Frontier AI refers to the most advanced and capable artificial intelligence systems at the cutting edge of current research and development. These models, often large-scale and general-purpose (such as foundation models and large language models), are distinguished by their potential to perform a broad range of tasks with high levels of autonomy, reasoning, and generalization.

The term is typically used in policy, governance, and safety discussions to highlight AI systems that pose both transformative benefits and significant risks, including societal, economic, and existential concerns. Managing the development and deployment of frontier AI involves rigorous safety evaluation, robust alignment, transparency, and international coordination.
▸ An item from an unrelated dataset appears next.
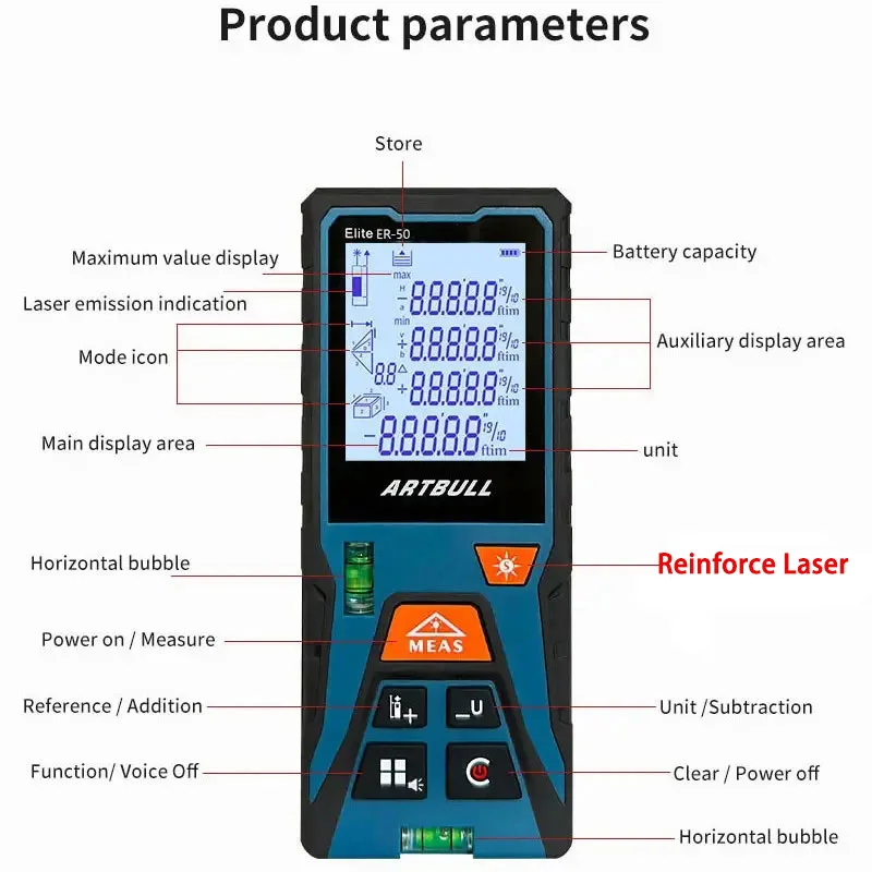 Rode Laser Meetlint 60m Laser Afstandsmeter Afstandsmeter Met Horizontaal

A class of artificial intelligence systems designed to create new content, including text, images, audio, video, code, and other forms of media, by learning patterns and structures from large datasets during training. Generative AI models utilize sophisticated neural network architectures, such as Generative Adversarial Networks (GANs), Variational Autoencoders (VAEs), and transformer-based models, to generate outputs that are statistically similar to their training data while exhibiting novelty and creativity. These systems operate by learning probabilistic distributions over data and sampling from these distributions to produce new instances. Notable applications include large language models for text generation, diffusion models for image synthesis, and multimodal systems capable of cross-domain generation. Generative AI has revolutionized content creation, enabling applications in creative industries, software development, scientific research, and education. However, it also raises important considerations regarding intellectual property, authenticity, misinformation, and the potential for generating harmful or biased content, necessitating careful governance frameworks and responsible deployment practices.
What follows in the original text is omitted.